Dataset records:
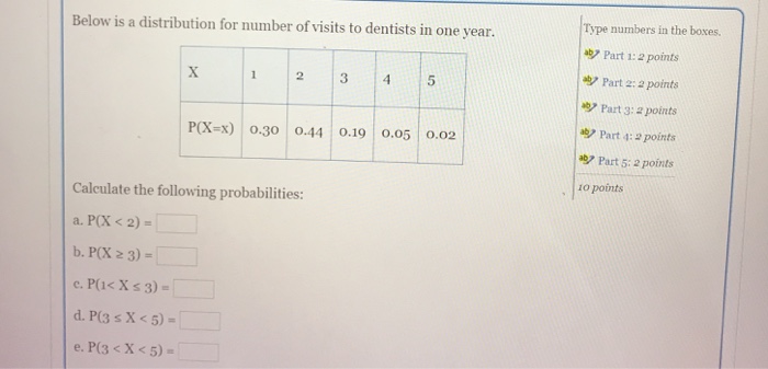 Solved Type Numbers In The Boxes Below Is A Distribution Part 3 Gone To The Dentist
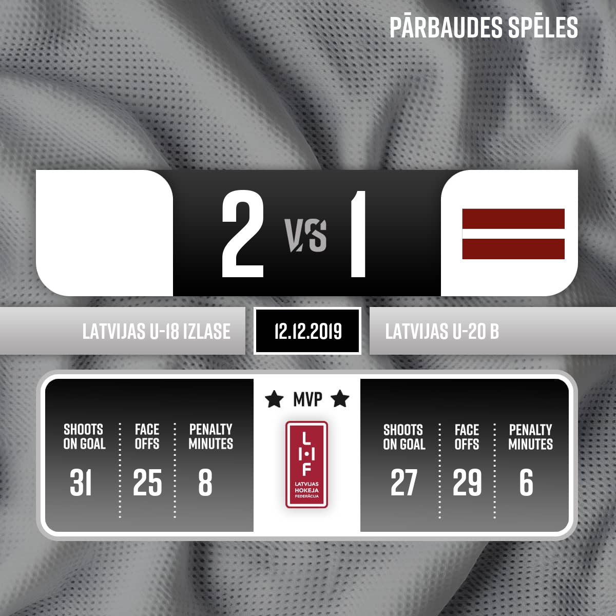 - 60:00P3Labākie spēlētāji/ Best Player of game Latvija U18 – Nr 1 GLŪZDA Mārcis Latvija U20 B –Nr 1 LIEPIŅŠ Reinis
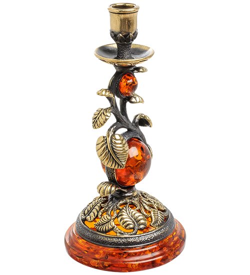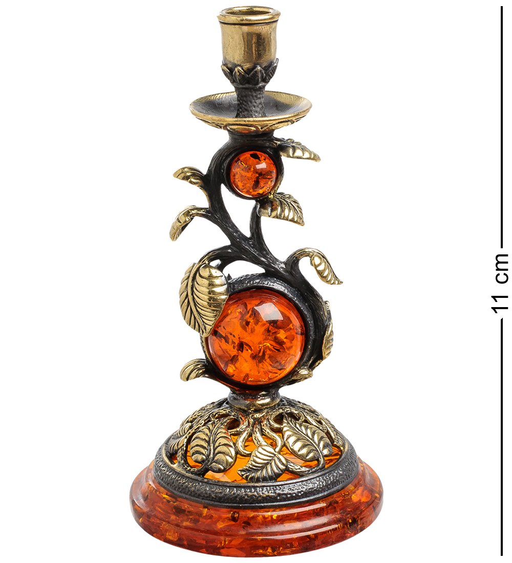 AM-1585 Подсвечник «Лоза» (латунь, янтарь)
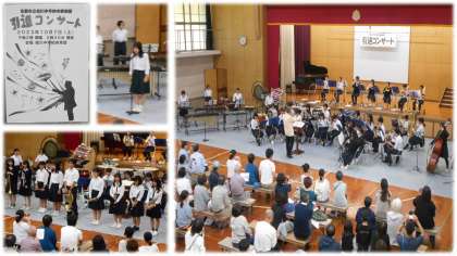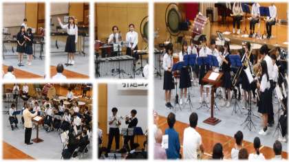 10月7日(土)午後、吹奏楽部の引退コンサートが本校体育館で開催されました。120人の観客の前で、10人の3年生が引退を迎えました。12曲とアンコールの全部で13曲が演奏されて、体育館は部活での練習やコンサートの集大成が披露されました。吹奏楽部の卒業生も、3年生の最後の演奏に駆けつけてくれました。3年生だけの演奏を聴いたとき,少しグッときました。3年間素敵な演奏をありがとうございました。そしてバトンは1、2年生に引き継がれました。吹奏楽部のさらなる発展を期待しています!!
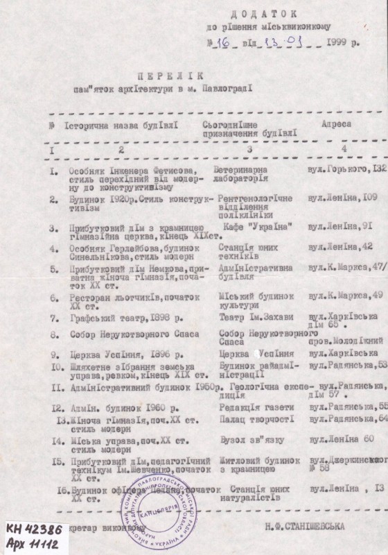 Грамота похвальна Диденко Наталці Гавриловні, учениці шостого класу Шандрівської школи Юр'ївського району Дніпропетровської області с. Шандрівка за відмінні успіхи та зразкову поведінку від 5 червня 1941 р. ( українською мовою). Грамота на художньому бланку. У верхній частині посередині герб УРСР, з лівого боку портрет В. І. Леніна, з правого портрет І. В. Сталіна, нижче текст. Грамота завірена круглою печатткою та підписами директора школи та вчителя.
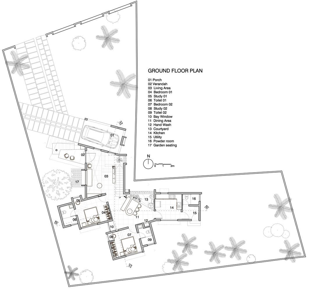 | Kiến trúc đặc biệt này được xây dựng trên mảnh đất có diện tích 630m2 hình chữ L, bao quanh một cây đa ở phía Tây của khu đất. |
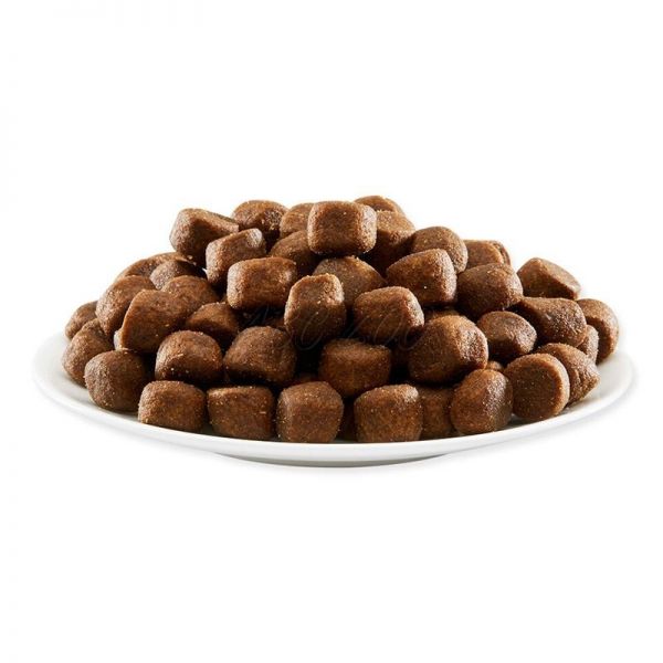 Składniki: Mięso i produkty pochodzenia zwierzęcego (66% suszony kurczak, 8% mielony kurczak), warzywa (8% suszony groszek, pomidory, marchew), 6% skrobia ziemniaczana, 2,5% olej drobiowy (źródło kwasów tłuszczowych omega-6), pulpa buraczana, sos drobiowy, suszone całe jaja, włókno roślinne, minerały, witaminy, olej z łososia (źródło kwasów tłuszczowych omega-3), ekstrakt z cykorii (FOS), mączka z lucerny, wodorosty, ekstrakt z drożdży (beta glukan 0,1%), glukozamina, metylosulfonylometan, chondroityna, mięta, mączka z papryki, kurkuma, ekstrakt z tymianku, ekstrakt z cytrusów, ekstrakt z juki, ekstrakt z żurawiny, ekstrakt z kopru włoskiego, ekstrakt z chleba świętojańskiego, ekstrakt z imbiru, ekstrakt z dzikiej róży, ekstrakt z mniszka lekarskiego, ekstrakt z rozmarynu, oregano, probiotyki - E1705 Enterococcus faecium cernelle 68 (SF68: NCIMB 104415) do tworzenia, przywracania i utrzymywania zrównoważonej mikroflory jelitowej u psów
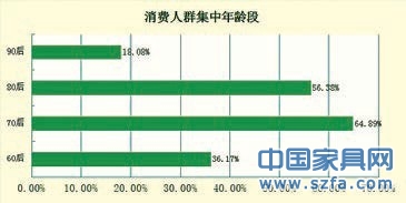 經(jīng)調(diào)查,進(jìn)店購買家具的消費(fèi)者年齡層次主要為70后,占比64.89%;其次是80后,占比56.38%;60后的消費(fèi)人群比例為36.17%;最少的是90后,占比18.08%。家具行業(yè)作為房地產(chǎn)的下游產(chǎn)業(yè)深受房地產(chǎn)行業(yè)的影響,目前來看,買房的主力軍仍是70后、80后,因此相對應(yīng)的家具消費(fèi)主力軍也是70后、80后,而作為90后消費(fèi)者購買家具時(shí)大多會(huì)有家長的陪同,作為目前大多成功人士多的60后是一些高檔歐美及其他高端家具消費(fèi)的主力軍。
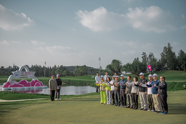 總統抵達後,由裙襬搖搖高爾夫基金會會長王政松、立法院長蘇嘉全、教育部次長蔡清華、桃園市長鄭文燦及外交部長李大維陪同步上18洞果嶺,在主辦單位為總統準備球桿及放置高爾夫球後,總統進行推桿,一桿進洞,為此次賽事的所有選手加油喝采。
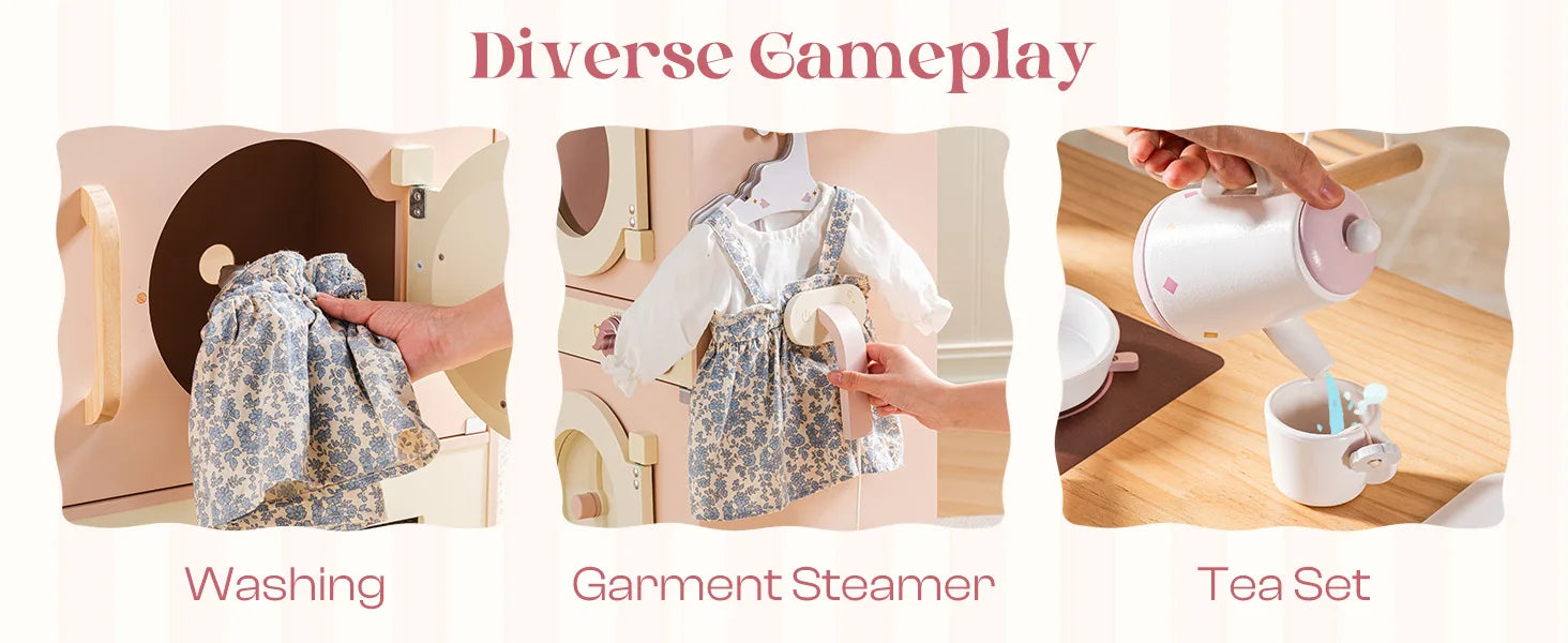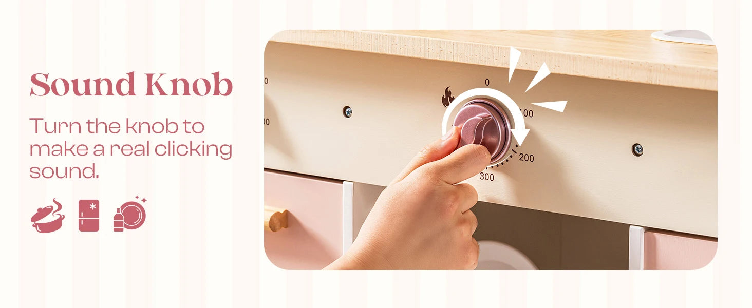 Robotime Robud Kids Corner Kitchen Playset Wooden Play Kitchen Set with Realistic Sound Pretend Play Gift for Boys Girls Pink
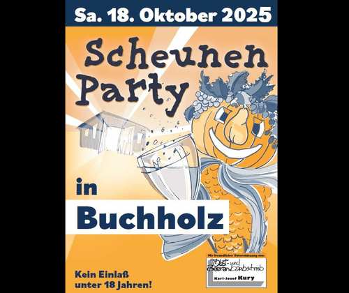 Herbstzeit = Scheunenpartyzeit. Feiern und tanzen in der landwirtschaftlichen Scheune mit Buchholzer Wein und toller Musik von der Partyband „QuerBeat“. In der schaurig-schön dekorierten Scheune findet ein ganz besonderes Herbstfest statt - die Buchholzer Scheunenparty! Die Freiwillige Feuerwehr Abteilung Buchholz freut sich wieder auf eine tolle Partynacht mit EUCH!

What is being asked:
Repeat the records above exactly, omitting every picture.

Answer to this task:
 Solved Type Numbers In The Boxes Below Is A Distribution Part 3 Gone To The Dentist
 - 60:00P3Labākie spēlētāji/ Best Player of game Latvija U18 – Nr 1 GLŪZDA Mārcis Latvija U20 B –Nr 1 LIEPIŅŠ Reinis
 AM-1585 Подсвечник «Лоза» (латунь, янтарь)
 10月7日(土)午後、吹奏楽部の引退コンサートが本校体育館で開催されました。120人の観客の前で、10人の3年生が引退を迎えました。12曲とアンコールの全部で13曲が演奏されて、体育館は部活での練習やコンサートの集大成が披露されました。吹奏楽部の卒業生も、3年生の最後の演奏に駆けつけてくれました。3年生だけの演奏を聴いたとき,少しグッときました。3年間素敵な演奏をありがとうございました。そしてバトンは1、2年生に引き継がれました。吹奏楽部のさらなる発展を期待しています!!
 Грамота похвальна Диденко Наталці Гавриловні, учениці шостого класу Шандрівської школи Юр'ївського району Дніпропетровської області с. Шандрівка за відмінні успіхи та зразкову поведінку від 5 червня 1941 р. ( українською мовою). Грамота на художньому бланку. У верхній частині посередині герб УРСР, з лівого боку портрет В. І. Леніна, з правого портрет І. В. Сталіна, нижче текст. Грамота завірена круглою печатткою та підписами директора школи та вчителя.
 | Kiến trúc đặc biệt này được xây dựng trên mảnh đất có diện tích 630m2 hình chữ L, bao quanh một cây đa ở phía Tây của khu đất. |
 Składniki: Mięso i produkty pochodzenia zwierzęcego (66% suszony kurczak, 8% mielony kurczak), warzywa (8% suszony groszek, pomidory, marchew), 6% skrobia ziemniaczana, 2,5% olej drobiowy (źródło kwasów tłuszczowych omega-6), pulpa buraczana, sos drobiowy, suszone całe jaja, włókno roślinne, minerały, witaminy, olej z łososia (źródło kwasów tłuszczowych omega-3), ekstrakt z cykorii (FOS), mączka z lucerny, wodorosty, ekstrakt z drożdży (beta glukan 0,1%), glukozamina, metylosulfonylometan, chondroityna, mięta, mączka z papryki, kurkuma, ekstrakt z tymianku, ekstrakt z cytrusów, ekstrakt z juki, ekstrakt z żurawiny, ekstrakt z kopru włoskiego, ekstrakt z chleba świętojańskiego, ekstrakt z imbiru, ekstrakt z dzikiej róży, ekstrakt z mniszka lekarskiego, ekstrakt z rozmarynu, oregano, probiotyki - E1705 Enterococcus faecium cernelle 68 (SF68: NCIMB 104415) do tworzenia, przywracania i utrzymywania zrównoważonej mikroflory jelitowej u psów
 經(jīng)調(diào)查,進(jìn)店購買家具的消費(fèi)者年齡層次主要為70后,占比64.89%;其次是80后,占比56.38%;60后的消費(fèi)人群比例為36.17%;最少的是90后,占比18.08%。家具行業(yè)作為房地產(chǎn)的下游產(chǎn)業(yè)深受房地產(chǎn)行業(yè)的影響,目前來看,買房的主力軍仍是70后、80后,因此相對應(yīng)的家具消費(fèi)主力軍也是70后、80后,而作為90后消費(fèi)者購買家具時(shí)大多會(huì)有家長的陪同,作為目前大多成功人士多的60后是一些高檔歐美及其他高端家具消費(fèi)的主力軍。
 總統抵達後,由裙襬搖搖高爾夫基金會會長王政松、立法院長蘇嘉全、教育部次長蔡清華、桃園市長鄭文燦及外交部長李大維陪同步上18洞果嶺,在主辦單位為總統準備球桿及放置高爾夫球後,總統進行推桿,一桿進洞,為此次賽事的所有選手加油喝采。
 Robotime Robud Kids Corner Kitchen Playset Wooden Play Kitchen Set with Realistic Sound Pretend Play Gift for Boys Girls Pink
 Herbstzeit = Scheunenpartyzeit. Feiern und tanzen in der landwirtschaftlichen Scheune mit Buchholzer Wein und toller Musik von der Partyband „QuerBeat“. In der schaurig-schön dekorierten Scheune findet ein ganz besonderes Herbstfest statt - die Buchholzer Scheunenparty! Die Freiwillige Feuerwehr Abteilung Buchholz freut sich wieder auf eine tolle Partynacht mit EUCH!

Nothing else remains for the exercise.